▸ Information provided

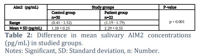 Results: AIM2, IL-18, and IL-33 levels in saliva were considerably higher in the patient group than in the control group.
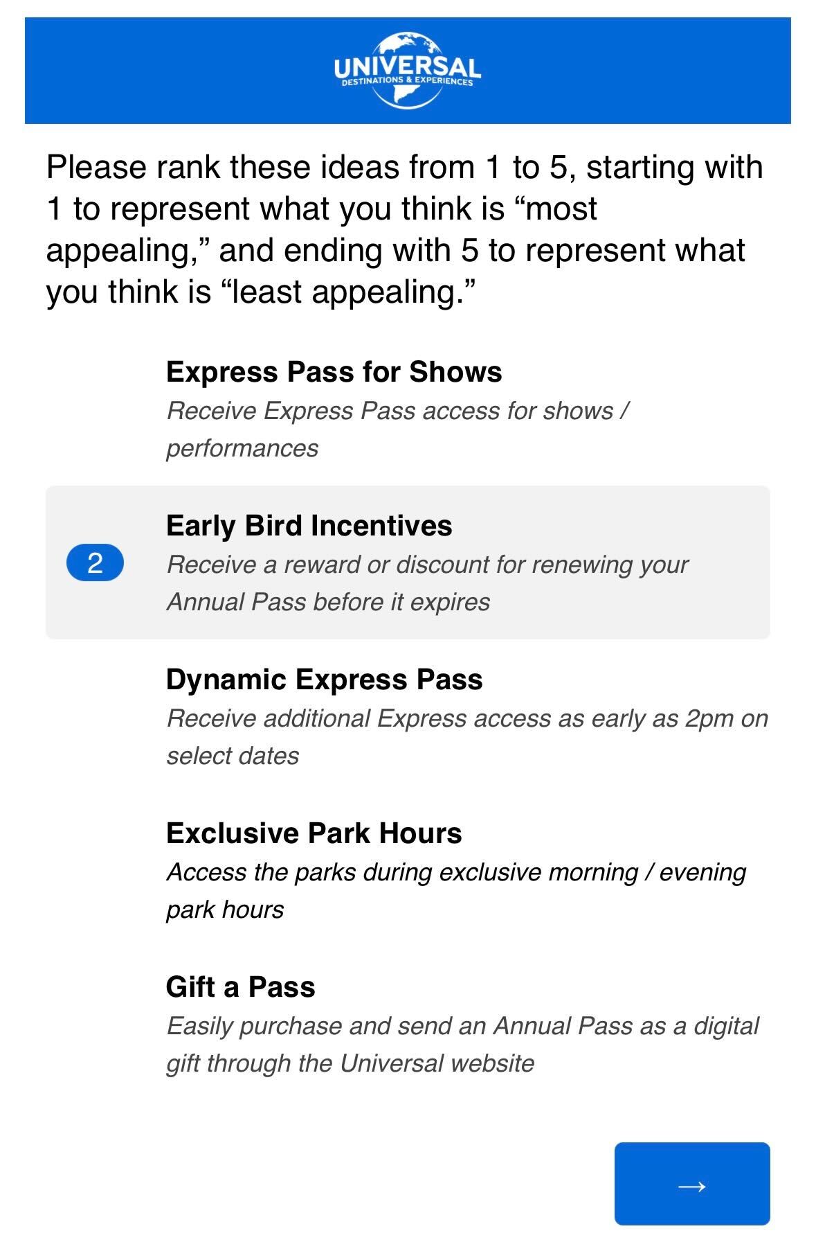 As a disclaimer, this is only a survey. There is currently no official information regarding if, when, or how Universal Orlando Resort will incorporate Epic Universe into its UOAP access.
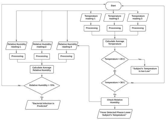 Figure 5. Pressure ulcer prediction algorithm structure. - Prediction of bacterial infection is based on monitoring and preventing the growth of skin bacteria known as Staphylococcus aureus [29]. It is one of the most common bacteria that grows alongside PU scars [30,31]. The system aims to prevent the favorable growth environment of this bacteria. The two main factors in bacterial growth in the skin are temperature and humidity, hence the system continuously monitors these two factors using the (SHT30) Humidity/Temperature sensor at three different locations on the subject’s back to cover the sacral area. Next, the system runs calculations comparing the sensor’s readings against preset thresholds to estimate the risk of developing the infection. Once the risk is detected, an alarm message is sent to the user interface alerting the healthcare givers to take preventive measures, for example, “use cloth to remove sweating and adjust skin temperature”. The threshold for temperature is (>35 °C) and (<39–40 °C), relative humidity between (70–80%). These conditions mark the favorable environment for developing infection in ulcerated skin if they occur together [32]. In this case, time is not accounted for, so when predicted, the healthcare giver is instructed to adjust relative humidity/temperature immediately by drying the skin or ventilating the area, for example. In the case of temperatures dropping below 20 °C, an alarm message will be sent, because it has been shown that lower temperatures leads to low blood flow, which encourages PU formation. Additionally, if temperature is above 38 °C, an alarm indicating that the subject has developed a fever will be shown on the user interface screen. Figure 6 shows a simplified algorithm for bacterial infection prediction.
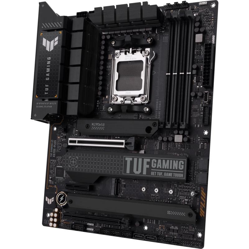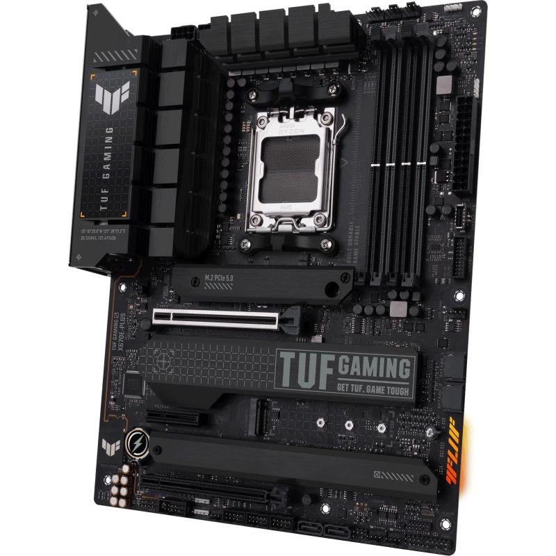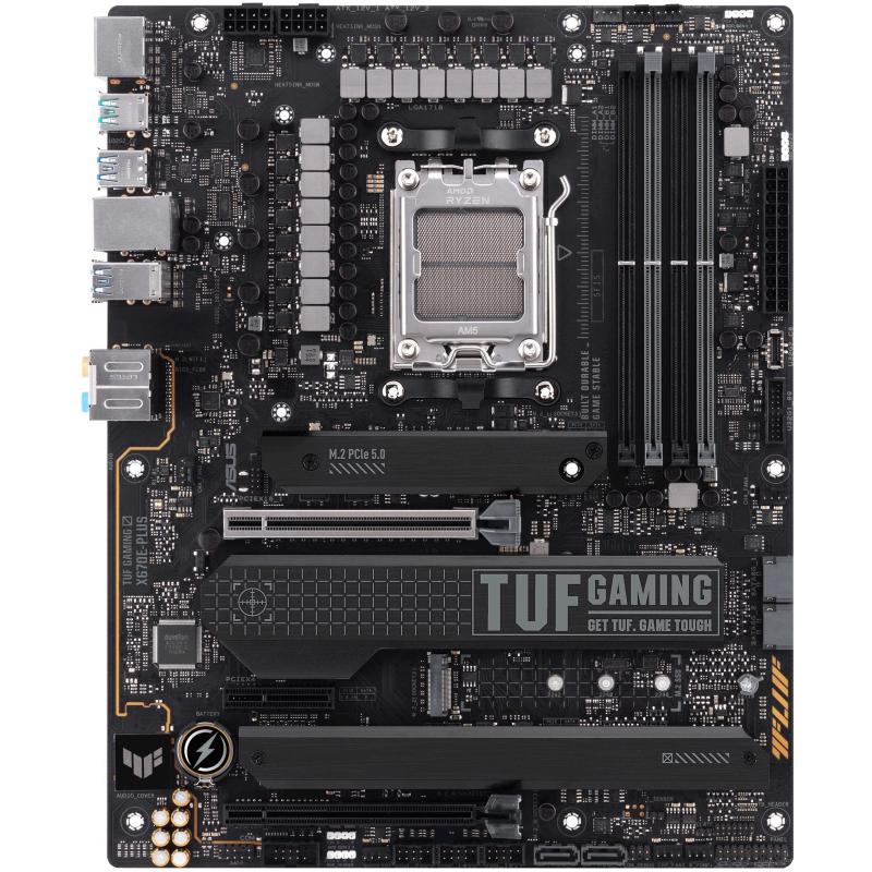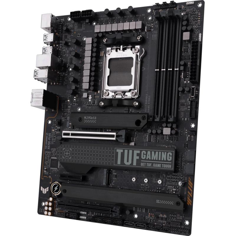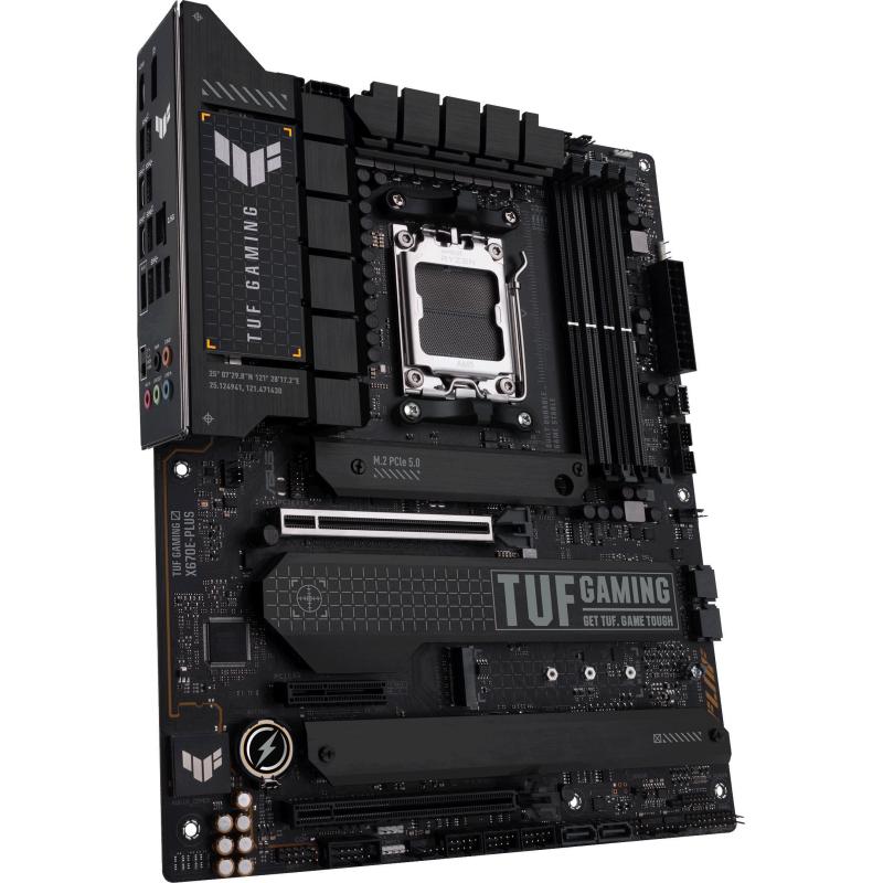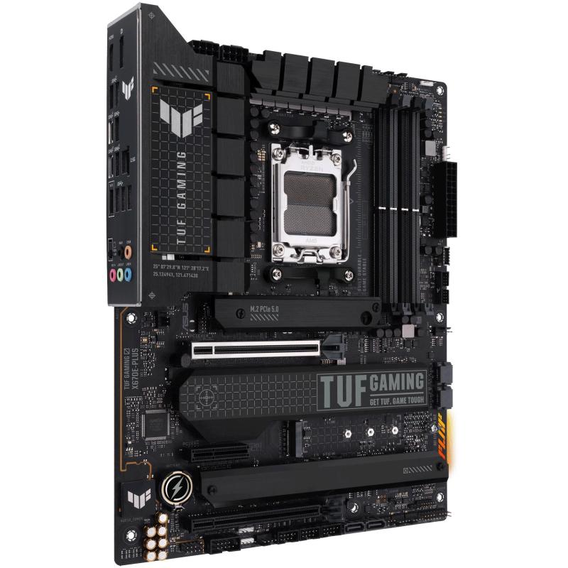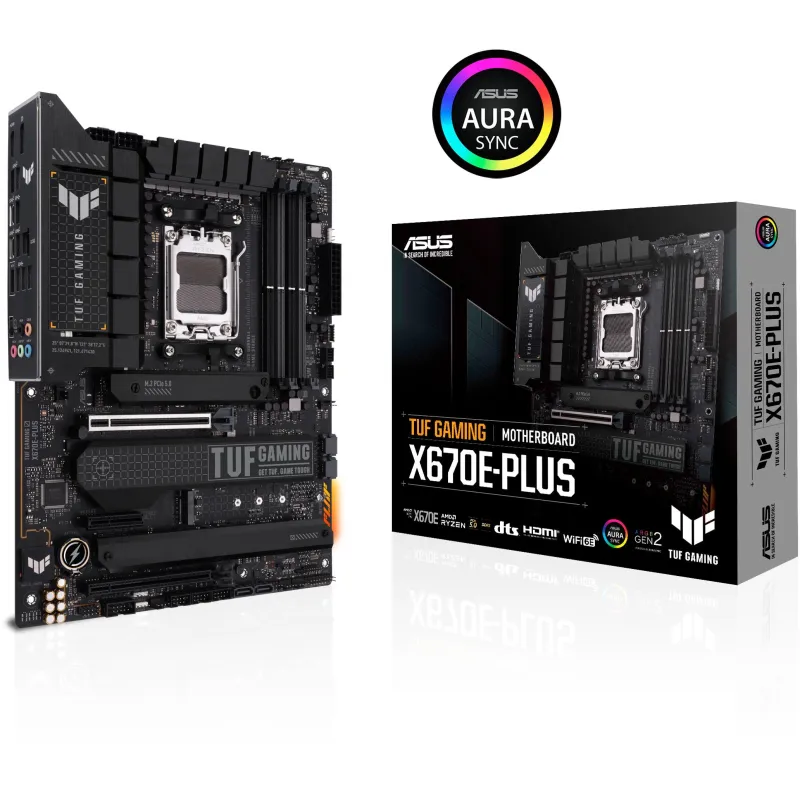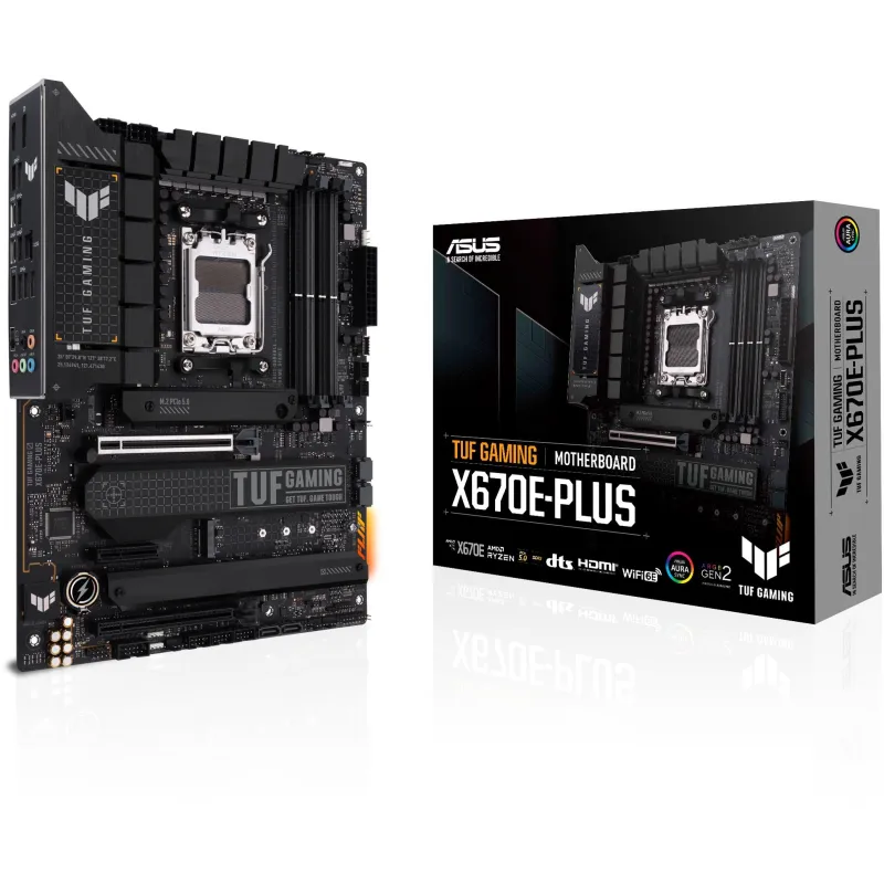 ASUS TUF GAMING X670E-PLUS: Toma todos los elementos esenciales de los últimos procesadores AMD Ryzen serie 7000 y los combina con características listas para jugar y durabilidad probada. Diseñada con componentes de grado militar, una solución de alimentación mejorada y un completo sistema de refrigeración, esta placa base va más allá de las expectativas con un rendimiento sólido como una roca y estable para juegos maratonianos. Las placas base TUF GAMING también se someten a rigurosas pruebas de resistencia para garantizar que pueden soportar condiciones en las que otras podrían fallar. Estéticamente, este modelo incorpora elementos de diseño geométricos y en negro roto para reflejar la fiabilidad y estabilidad que definen la serie TUF GAMING.

▸ Task goal
Print the data above exactly, from its first line to the line bearing "As a disclaimer, this" inclusive, and keep pictures out of the result.

▸ Output of the task
 Results: AIM2, IL-18, and IL-33 levels in saliva were considerably higher in the patient group than in the control group.
 As a disclaimer, this is only a survey. There is currently no official information regarding if, when, or how Universal Orlando Resort will incorporate Epic Universe into its UOAP access.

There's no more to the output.